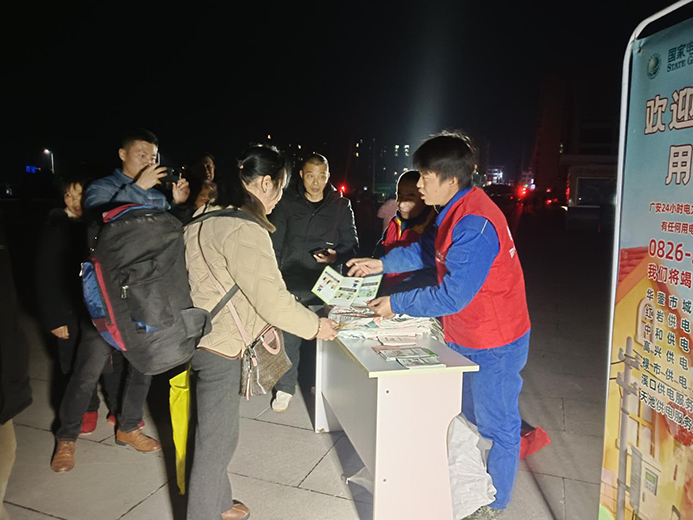据悉,K4826次列车由福州站始发,开行近30个小时抵达高兴站,是春节前返乡客流的重要运输线路。为切实保障返乡群众春节期间用电安全,国网华蓥市供电公司精准对接列车到站时间,组织党员、青年志愿者组成服务小分队,在出站口设立临时服务点,开展“一站式”便民服务。
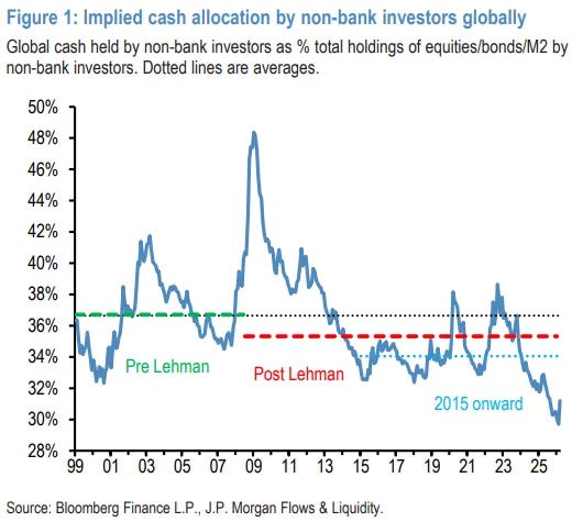 Perhaps the most alarming signal in Q1 2026 is not the oil price, nor the yield spike, nor the geopolitical flashpoint. It is a quieter number buried in J.P. Morgan’s flows data. Global non-bank investors’ cash holdings, measured as a percentage of total equities, bonds, and M2, have fallen to roughly 30%: near the lowest level this century. The post-2015 downtrend has continued without interruption, carrying cash well below both the pre-Lehman average and the post-Lehman average. Investors are, in the bluntest possible sense, all in.
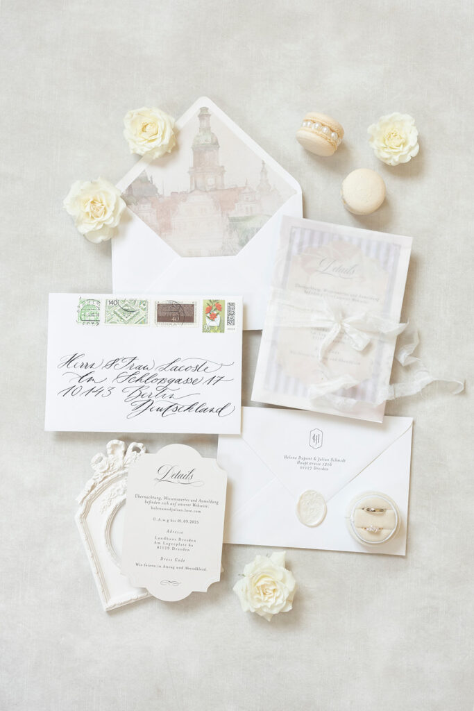 Meine separat buchbaren Kalligrafie-Services eignen sich ideal, um bereits anderweitig gestalteten Einladungen oder Umschlägen eine individuelle, elegante Note zu verleihen – ebenso wie Platzkarten, Escort Cards und Sitzplänen, die auf Ihr Event abgestimmt sind.
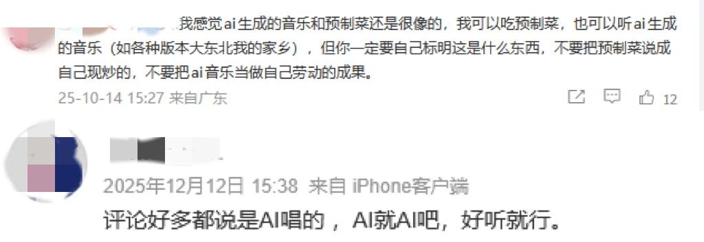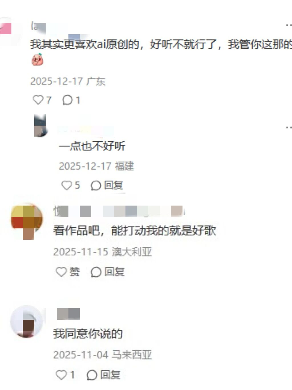 第一类听众,最典型的反应是,刚听觉得还行,一知道是AI,立刻下头,好感瞬间坍塌。
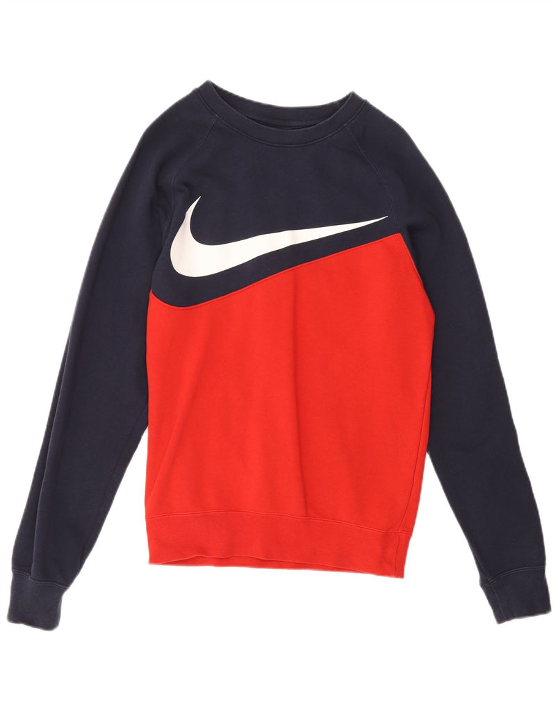 NIKE Mens Graphic Sweatshirt Jumper XS Navy Blue Colourblock Cotton
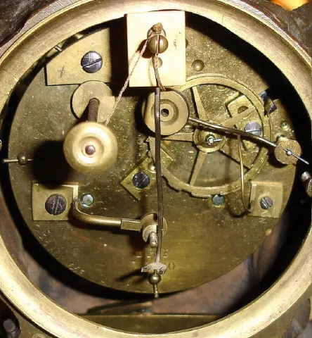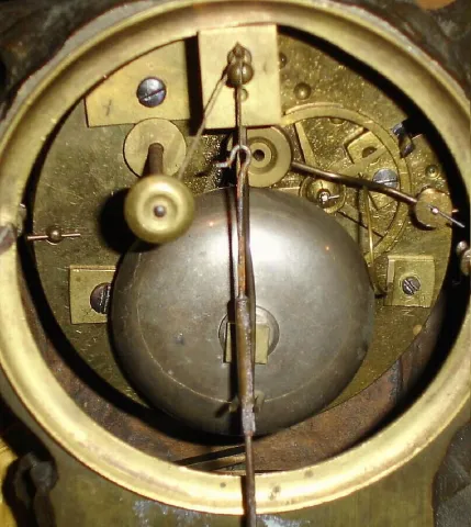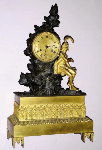 French gilded brass figural waterfall automaton mantel clock with 8 day time and bell strike silk thread suspension spring driven movement with troubadour seated atop bronze rocky outcropping with crystal "waterfall / fountain" turning as clock ticks givi
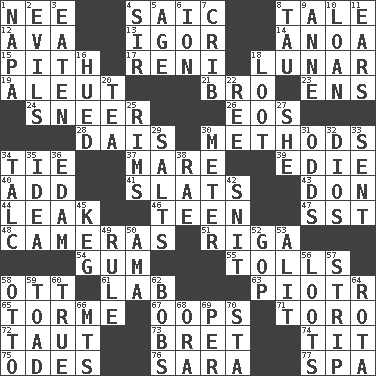 ACROSS 1. Born 4. Ketch in the Levant 8. Story 12. Actress Gardner 13. Composer Stravinsky 14. Small Philippine buffalo 15. Essential or central part 17. Painter Guido (1575-1642) 18. Type of eclipse 19. Eskimo relative 21. Sis' sibling 23. Followers of ems 24. Contemptuous expression 26. Greek goddess of the dawn 28. Raised platform 30. Modes 34. Standoff 37. Female horse 39. Singer Brickell 40. Say or write further 41. Narrow boards 43. Spanish title 44. Path through which fluid escapes 46. Adolescent 47. Fast jet (abbr.) 48. Devices for capturing images 51. Port city in Latvia 54. Chewing product 55. For Whom the Bell _____ 58. Baseball player Mel 61. Experiment locale 63. Peter (Polish) 65. Singer Mel 67. I made a mistake 71. "Corrida" creature 72. Strained 73. Cy Young winner Saberhagen 74. Teat (slang) 75. Lyric poems 76. "Two Mules for Sister ____" 77. Health resort DOWN 1. California wine valley 2. Vices 3. Consumed 4. Title for a knight 5. Mature 6. Electrically charged atom 7. Baby bed with high sides 8. The 19th letter of the Greek alphabet 9. Queen of England 1702-14 10. Grant temporary use of 11. Hearing organs 16. Took on color 18. Spoils 20. Afternoon social gathering 22. To sift 25. Basketball hoops 27. A female animal or person 29. Table seasonings 30. Distance measurement 31. Likelihood 32. "Vaya con ____" 33. Posted 34. Baby powder 35. The content of cognition 36. Dutch treat 38. Actress Charlotte 42. In a ____ (agitated or irritated) 45. Barrel 49. General guideline 50. Nanny (var.) 52. Grand Old Party 53. Set down 56. Plunders 57. Long narrow piece of something 58. Von Bismarck 59. Frog relative 60. Loyal 62. Moves up and down 64. Round or rotation of duties 66. Mountains (abbr.) 68. Mouth or opening 69. For each 70. R.R. building
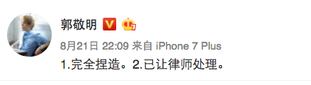 当日晚22:09,郭敬明在微博上表示,该事件完全是捏造,已让律师处理。
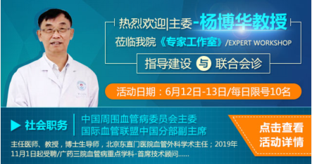 2019年11月,杨博华教授受聘我院血管病重点学科/首席技术顾问;同年12月,梅家才教授受聘我院血管病重点学科/技术帮扶专家;2020年5月,周毅平教授、梁永红博士、高一菁博士等血管病《专家工作室》在我院挂牌成立;为加快华南地区周围血管病重点学科建设,确保我院血管病《专家工作室》向着“专病·专攻·专精”的方向健康发展,我院血管病重点学科首席技术顾问(中国中周围血管病委员会主委、国际血管联盟中国分部副主席)杨博华教授决定:将于6月12-13日莅临我院血管病《专家工作室》指导学科建设与联合会诊,学科建设指导诊期间,每日开放10个专家会诊名额………
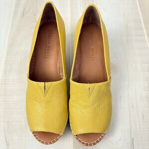 Gentle Souls by Kenneth Cole Butter Yellow Leather Wedge Espadrilles Sz 11M
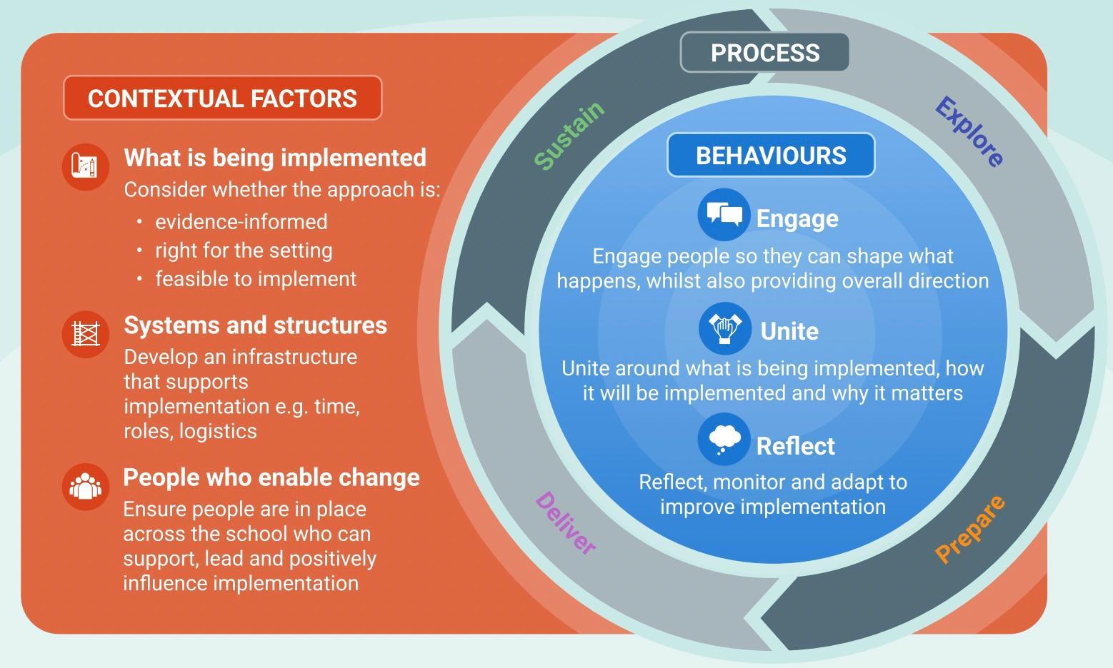 “One of the characteristics of effective schools, in addition to what they implement, is how they put those approaches into practice. [The framework statements for implementation] set out some important principles of implementation: the process of making, and acting on, effective evidenceinformed decisions. The principles and activities can be applied to a range of different school improvement decisions – programmes or practices; whole school or targeted approaches; internally or externally generated ideas. The statements should be treated as guiding principles and activities, rather than as a rigid set of steps.”
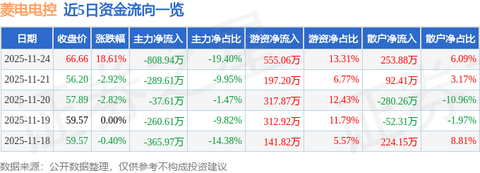 证券之星消息,截至2025年11月24日收盘,菱电电控(688667)报收于66.66元,上涨18.61%,换手率1.41%,成交量7364.0手,成交额4169.33万元。

+++++

#### What is being asked:
The line containing "NIKE Mens Graphic" marks the end: retype every line from the first one in the listing up to and including it, without pictures.

#### Solution to the problem:
据悉,K4826次列车由福州站始发,开行近30个小时抵达高兴站,是春节前返乡客流的重要运输线路。为切实保障返乡群众春节期间用电安全,国网华蓥市供电公司精准对接列车到站时间,组织党员、青年志愿者组成服务小分队,在出站口设立临时服务点,开展“一站式”便民服务。
 Perhaps the most alarming signal in Q1 2026 is not the oil price, nor the yield spike, nor the geopolitical flashpoint. It is a quieter number buried in J.P. Morgan’s flows data. Global non-bank investors’ cash holdings, measured as a percentage of total equities, bonds, and M2, have fallen to roughly 30%: near the lowest level this century. The post-2015 downtrend has continued without interruption, carrying cash well below both the pre-Lehman average and the post-Lehman average. Investors are, in the bluntest possible sense, all in.
 Meine separat buchbaren Kalligrafie-Services eignen sich ideal, um bereits anderweitig gestalteten Einladungen oder Umschlägen eine individuelle, elegante Note zu verleihen – ebenso wie Platzkarten, Escort Cards und Sitzplänen, die auf Ihr Event abgestimmt sind.
 第一类听众,最典型的反应是,刚听觉得还行,一知道是AI,立刻下头,好感瞬间坍塌。
 NIKE Mens Graphic Sweatshirt Jumper XS Navy Blue Colourblock Cotton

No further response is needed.